Beck: As creators of essentially the movie and the franchise, we always have our hand in the mix. But what was really funny about opening weekend last year is, it was almost immediate that the studio announced there’d be a sequel. What our reaction was, and what John’s reaction was, like, “I don’t know if it needs a sequel.”

We always envisioned it collectively as a standalone film, and very much like what Bryan and I were trying to mount on the wake of A Quiet Place is actually what we consider learning the right lesson, is that there actually is space for original ideas on a big theatrical level. So the decision that Bryan and I made was we’ll be passively involved in it. And what was great was John ended up cracking an idea that he really loved and he took the ball and ran with it.

We’re totally excited to support and champion that movie.
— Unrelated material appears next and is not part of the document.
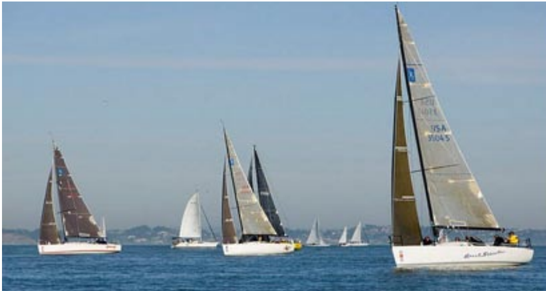
Great Sensation, Tabasco and Yeofy going to weather

Saturday: we did a 10:00 am show at the boat, rigged the boat and decided to get out a little early and practice. We sailed in light breeze and sunshine and worked up the bay and gybed back down to get into sequence for our start. There were 8 1D35's on the line and we got into position and got ready for the start. At this point we noticed no course no reader board etc (like the PNW) and thought to check the S.I.'s. Sure enough the colored flags were the course and we set our tactician to work and decided we would just follow the fast boats. We nailed our start in light air, got the boat moving and sailed wind pocket to wind pocket on the course, well as luck would have it we put our nose out front and noticed we were leading the fleet and it was time to get out the course again and figure it out. We had off and on breeze, a fun reaching course and settled in to race. We were slower than we should have been down wind on a couple of legs and the boat Yeofy saw a shot and took it and got by us. They raced a great race and we got second for the day.

But Bryan and I really wanted to lean into the idea of creating the next big original idea, which is what we’re now working on. And we hopefully will be announcing it in the next couple of months, but just really trying something that’s crazy and might be laughed at otherwise.

Woods: Which A Quiet Place was, by the way. Some people who heard the idea for it were like, “This will never work.” And we’re like, “But we believe in it.”

Beck: We pitched that, just the logline to people, before the final script was done and we were met with dazed glances, and people with glazed-over eyeballs. And now in the wake of Quiet Place, we hope that we can thread an even crazier concept, and then hopefully find a home for that on a major studio level. We just want to take risks. That’s really what we’re looking at. When big offers come across, like franchises, that’d be exciting, but at the same time, we just need to follow our passion, and that’s really with an original story.

*****

Haunt lands in theaters and On Demand this Friday, September 13th.